香月孝史が舞台『すべての犬は天国へ行く』を評する
乃木坂46が舞台『すべての犬は天国へ行く』で手にした、グループとしての強靭な武器
演劇に対峙するグループとしての乃木坂46についてあらためてまとめるならば、その始まりは2012~2014年まで合計3度上演されてきた演劇公演『16人のプリンシパル』に見出せるだろう。『16人のプリンシパル』は公演の第一幕を公開オーディションにあて、それを受けての観客による投票で第二幕の演劇のキャスティングを決めるという、独特の形式をとった。

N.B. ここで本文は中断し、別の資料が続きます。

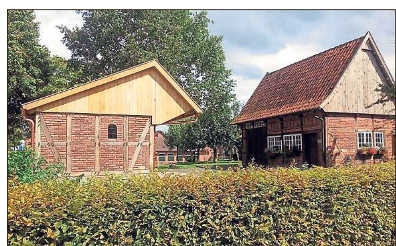
Eine Einheit: Zusammen mit dem Backhaus (rechts) ergibt die Remise den Charakter einer kleinen Hofstelle, wie sie in früherer Zeit vielfach in den westfälischen Dörfern zu finden war.
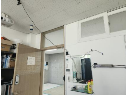
그림 3. 실제 실험 환경

구현된 시스템의 성능을 검증하기 위해 그림 3 과 같이 실제 실내 공간에 구현하여 실험을 수행하였다.
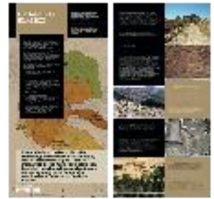
18 - Urbanismo islámico (a) - #13 a
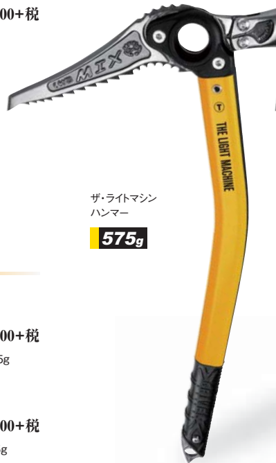
ザ・ライトマシンハンマー

GV-PIMACLIGS ザ・ライトマシン シャベル..... 定¥22,500+税 シャベルアッズ付き。専用ピック交換が出来る。●サイズ/シャフト長50cm●重量/565g
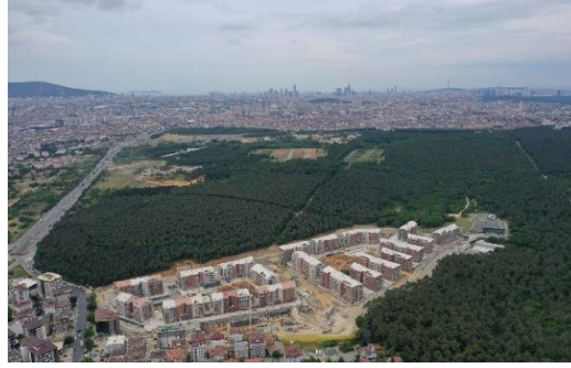
Resim 17: Çınar konutları, 2021, Çekmeköy (Url 14)

Şekil 16'da kamusal kimlikli spor alanının kentsel merkezde özelleştirilerek bir firmanın iki konut kulesi ve bir adet ofis kulesine dönüştürülmüş yaklaşık 241 bin m 2 'lik inşaat alanının uygulaması yer almaktadır. Kentsel ölçekte spor alanının dönüşümüne uygun örnekte yoğun bir yapılaşma noktasında yer alan karma yapının sınırlarında gerek fiziksel gerekse sosyal geçirimsizlik sorunları gözlemlenmektedir. Kentin en çok açık kullanılabilir alana gereksinimi olan bölgesinde yapı alanının önünde, yıkılarak yeniden yapılan bir koruma alanı da (Likör Fabrikası) mevcuttur.
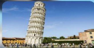
หอเอนปิส่า
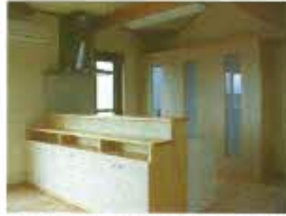
カウンター上部には吊戸棚がなくスッキリとしています。
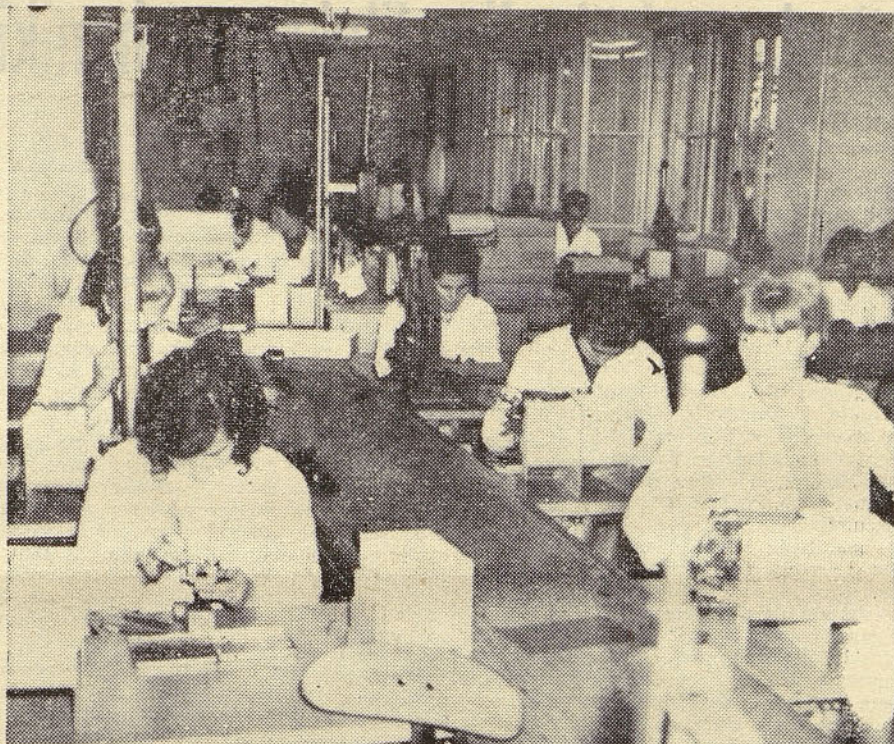
Posnetek je iz našega obrata v Dobropolju in prikazuje delavke, ki na traku montirajo zaščitni rele RB-2

Solski center združenega podjetja Iskra Kranj bo pričel z izvedbo seminarjev takoj po prejemu prijav udeležencev.

日々の上演の動向をファンの「民意」にゆだねる企画性を持ちつつ、キャスト選出の当落線上にいる彼女たちをドキュメンタリー的に見守るこの公演は、乃木坂46のトレードマーク的なイベントになってきた。しかしまた、これを「演劇」の公演としてみるとき、そこには常に限界が伴ってもいた。形式上の「本編」である第二幕の演劇のキャストが公演時間の直前に決定されるという性格上、メンバーはすべての登場人物の台詞と段取りを覚える必要がある。専業の俳優であればいざ知らず、まだ俳優としての訓練を受ける以前の彼女たちにとって、その環境の下で演劇のクオリティを上げることはきわめて難しい。『16人のプリンシパル』は独特の魅力を放ちつつも、演劇と向き合うための場としては、演者であるメンバーにとっても演出する側にとっても、いびつさをはらむものだった。

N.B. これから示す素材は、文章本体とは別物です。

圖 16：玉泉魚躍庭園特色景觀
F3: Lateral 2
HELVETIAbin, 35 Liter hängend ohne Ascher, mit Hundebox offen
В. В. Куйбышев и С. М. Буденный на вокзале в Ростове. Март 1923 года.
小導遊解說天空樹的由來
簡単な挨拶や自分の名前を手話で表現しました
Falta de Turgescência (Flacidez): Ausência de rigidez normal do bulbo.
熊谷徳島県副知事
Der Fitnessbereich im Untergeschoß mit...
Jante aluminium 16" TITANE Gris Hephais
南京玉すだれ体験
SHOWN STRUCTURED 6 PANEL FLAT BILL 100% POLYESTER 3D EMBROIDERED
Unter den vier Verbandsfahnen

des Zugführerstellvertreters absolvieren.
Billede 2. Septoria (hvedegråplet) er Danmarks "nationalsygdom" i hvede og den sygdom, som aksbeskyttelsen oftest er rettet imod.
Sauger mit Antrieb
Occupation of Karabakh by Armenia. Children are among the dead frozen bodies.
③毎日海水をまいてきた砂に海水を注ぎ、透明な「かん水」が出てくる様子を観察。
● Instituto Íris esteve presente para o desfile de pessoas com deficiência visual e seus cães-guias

今年に入り、乃木坂46は演劇面に関してある変化を見せた。デビュー以来毎年続けてきた『16人のプリンシパル』を実施せず、代わりに2つの演劇公演を企画したのだ。ひとつが6月に上演された『じょしらく』、そしてもうひとつが今回上演された『すべての犬は天国へ行く』(いずれも渋谷・AiiA 2.5 Theater Tokyo)である。これら2つはそれぞれに異なる性質を持ちながら、いずれも乃木坂46の演劇への志向を大きく推し進めるものになった。いってみれば前者は「アイドルが演劇をやること」を内側に向けて、後者は外側に向けて、ひとつの形を突き詰めようとした歩みといえるだろう。『じょしらく』は、「アイドルが落語家を演じる」というその企画趣旨そのものを入れ子構造のように劇中劇として再現し、アイドルが「演じる」ことの意義自体を作品の重要なテーマにしていた。「アイドル」というジャンルの可能性をポジティブに謳い、同時にこのジャンルへの批評ともなる投げかけがそこでは行なわれていた(参考:乃木坂46が舞台公演『じょしらく』で見せた、“アイドル演劇”の可能性とは?)。

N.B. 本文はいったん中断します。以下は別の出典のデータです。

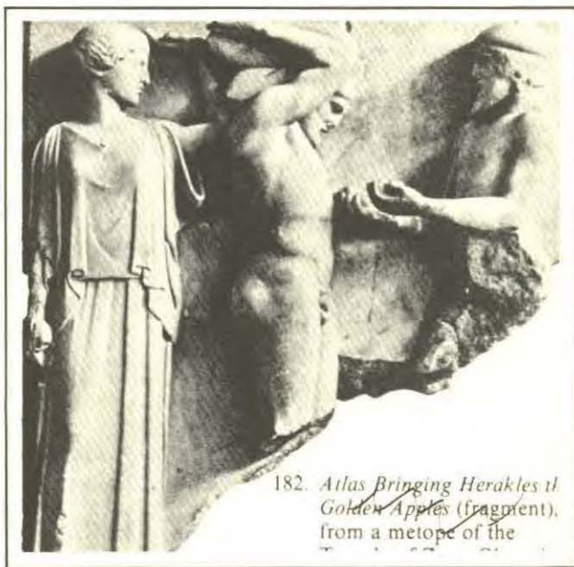
182. Atlas Bringing Herakles the Golden Apples (fragment), from a metope of the

única que hace poderosa la palabra, que se animara su gastada y egoísta nación al impulso de su particular patriotismo, y, a pesar de todo, Atenas bajara de nuevo a la arena para defender con las vidas de los suyos la libertad amagada por Filipo, asentó Demóstenes su grandeza. El lado trágico de ésta aumenta la fascinación en quien penetra las ilusiones del gran orador y advierte el mejor derecho que, históricamente hablando, pertenecía a Filipo; pero el fuego de la pasión de Demóstenes arrebató a ese mismo juez. Pero muy otro es el encanto al que los retóricos eran sensibles. Lo que les pasaba es lo que al principio le hace perder nuestras simpatías. El arte helénico cohibía toda pasión y rudeza y la reducía a la mayor y más armoniosa lisura. Demóstenes no habló de este modo, de ello tenemos certidumbre. Como escritor practicó el arte de los convencionalismos con el mejor juicio y la más cauta inteligencia; advertimos que ese orador puede ser lo que le plazca, pues su poder no conoce límites; pero él mismo define los angostos límites compatibles con el desarrollo de la armoniosa belleza, una belleza, si se quiere, del estilo empleado por el arte contemporáneo en el adorno de mausoleos; pues en el caso de
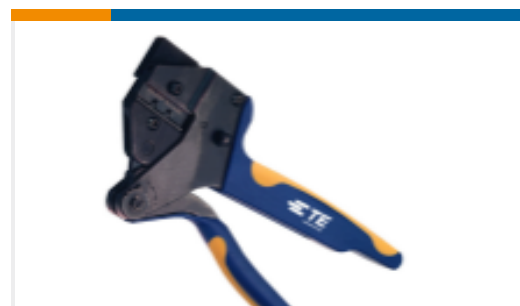
TE 产品编号2217208-1 SDE COMMERCIAL TOOL AND DIE
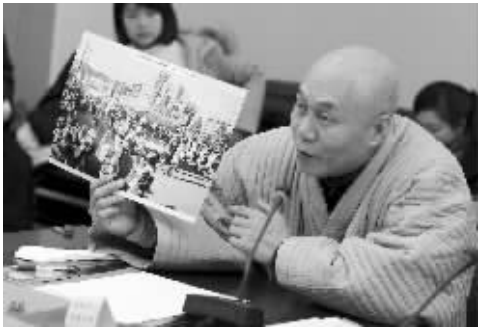
—韩国和平人士捐赠史料

锅、肥皂盒、军用毛毯、手表、证书、日军士兵的随军日记……昨天，侵华日军南京大屠杀遇难同胞纪念馆（以下简称纪念馆）获赠46件珍贵文物，这些文物来自加拿大、美国、日本、韩国以及国内多地。 纪念馆馆长朱成山表示，新获赠的史料很有价值，以打字稿原件最为珍贵，它是外籍证人员茨在南京大屠杀期间记录的第一手实证资料。直接描述了侵华日军在南京进行大屠杀的罪行。据了解，目前南京大屠杀遇难同胞纪念馆现收藏各类藏品15万多件，其中文物达2.5万多件。
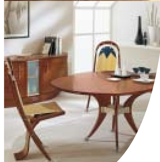
Table «Round Deck» Buffet 3 portes finition > Riviera

Réminiscence des vedettes des années 60, toujours synonyme de luxe, de farniente et de modernité, nos tables vernies se déclinent en plus de 15 références formes et dimensions : ronde, ovale, tonneau et maintenant rectangulaire et carrée dans la nouvelle gamme "Winch". Marqueterie d'essence fine avec alèses et piétement en bois massif sélectionné avec le plus grand soin pour sa provenance et sa qualité. Pour les amateurs de grand air, nous réalisons nos tables en teck de Birmanie avec des plateaux jointés élastomère afin d'évoluer en fonction des variations hygrométriques.
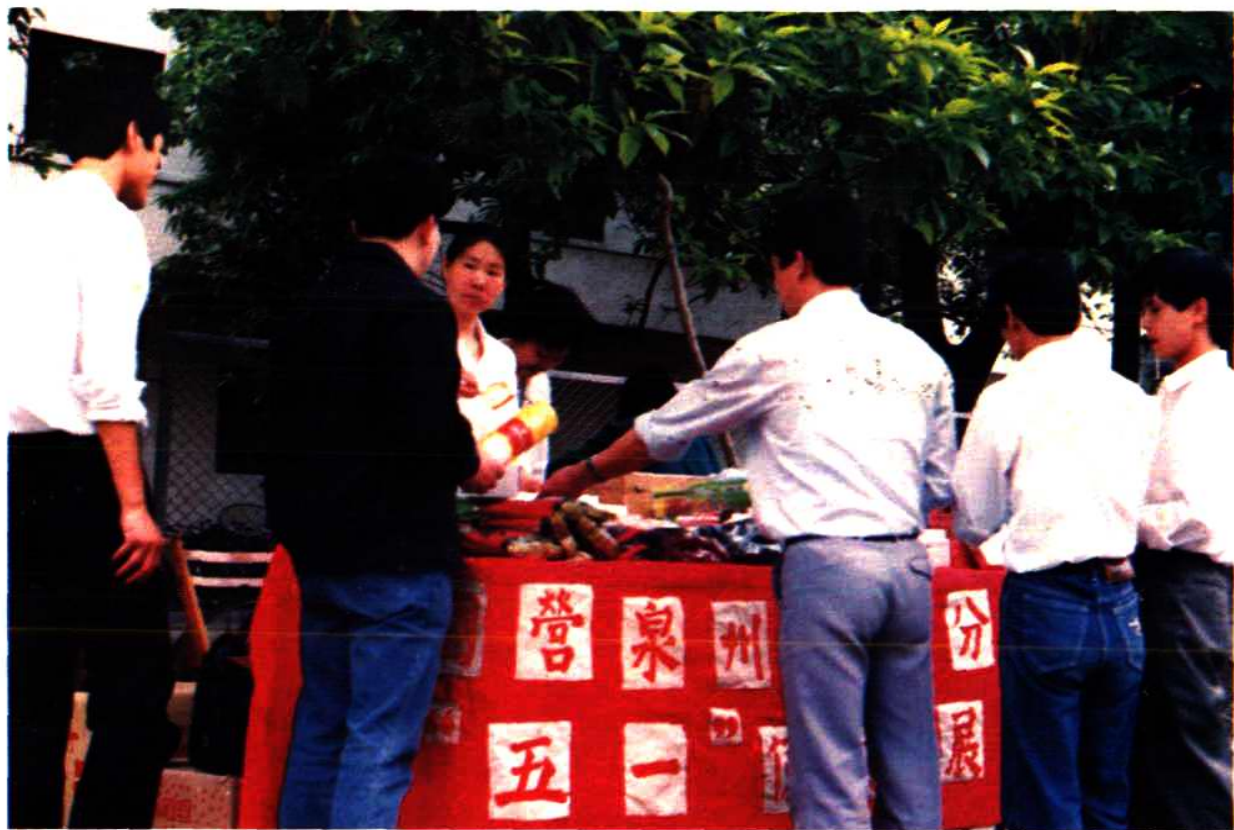
鲤城医药公司“五一”节组织药品巡回供应。
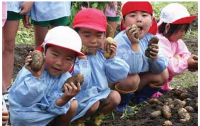
▲じゃがいもいっぱい獲れたよ

園児たちも先生たちも泥んこになりながら、土の中のじゃがいもを一生懸命掘って探しました。じゃがいもは、2カゴいっぱい収穫、園児たちは、自分の手よりも大きなじゃがいもを両手に持ち、満足の笑顔を見せてくれました。
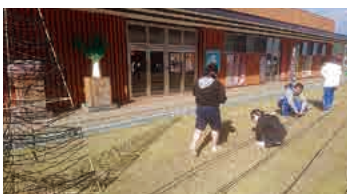
道の駅イルミネーション設置
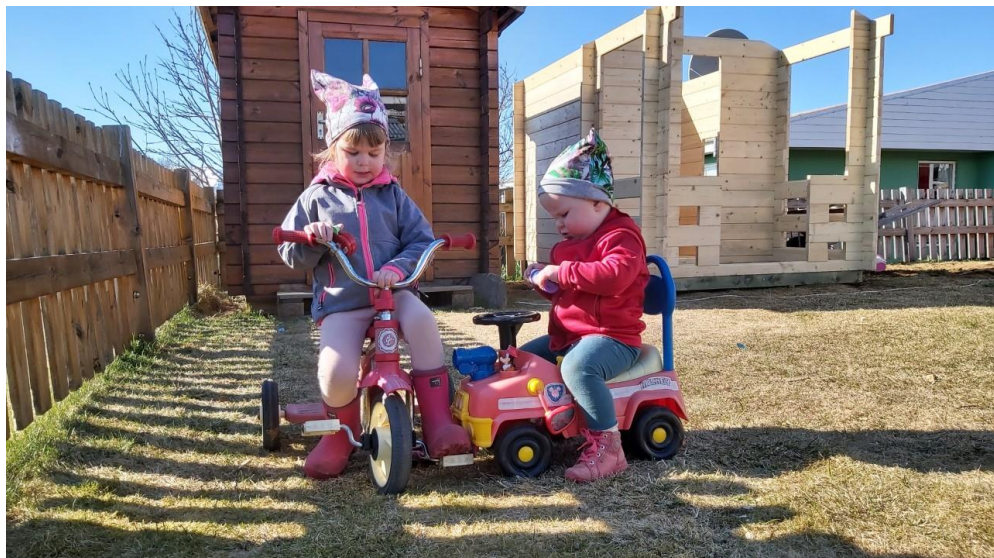
DÆTUR ÖLMU HEILSA SUMRI
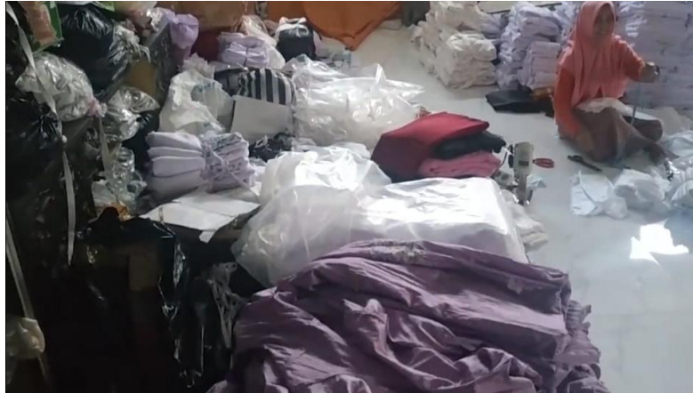
Gambar 4.7 Persediaan Bahan Baku

Dengan adanya strategi persediaan akan membantu perusahaan dalam memperkirakan banyaknya bahan baku yang diperlukan dalam sebuah produksi pada kurun waktu teretntu. Selain itu juga dapat mengetahui daya beli konsumen dengan mengetahui jumlah persediaan yang tersedia. Melalui kegiatan observasi dapat diketahui bahwa pada industri pakaian jadi Lely Indah Konveksi dan Bordir Komputer Blitar strategi persediaan sudah diterapkan dalam memperkirakan ketersediaan bahan baku serta stok produk yang siap dijual. Dimana penyetokan persediaan bahan baku dilakukan mulai 6 bulan sebelum hari raya.

それに対して今回の『すべての犬は天国へ行く』は、「アイドル」という枠組みを外したときに彼女たちが俳優として立ち回っていく基盤を作る、そのための足がかりだった。この公演のために乃木坂46が選んだのは、ケラリーノ・サンドロヴィッチ(KERA)によるシリアス・コメディの傑作『すべての犬は天国へ行く』だが、この戯曲が描く救いのなさと笑いを成立させるのは、そう容易いことではない。実際、「KERA作品の上演」としてこの乃木坂46版をみるとき、まず気にかかるのが客演の役者陣に比べての、乃木坂46メンバーたちの未熟さであることは間違いない。しかし、今回の公演に関していえば、その未熟さの露呈自体が、ひとつのプロセスとして「正しい」ものだった。
西部劇をモチーフにしたこの劇に登場するのは女性のみ。町の男たちが殺し合いの果てに一人残らず死に絶えたのち、居酒屋とその二階にある売春宿で過ごす女性たちが描かれる。男たちが形作っていた町の論理の中では従属的な立場にいたはずの彼女たちは、男が誰一人いなくなったのちも、それを解放の契機と受け止めるのではなく、男がいた頃の習慣をなぞって生きている。男がいなければ成り立たなかったはずの売春宿でさえも、虚構の男を無理やりに維持させ、虚構の「外部」に出ていこうとする女性たちを次々と殺してまでも、その形骸を守ろうとする。そして、全員で維持している虚構がほころぶと同時に、彼女たちは無意味に最後の殺し合いを始める。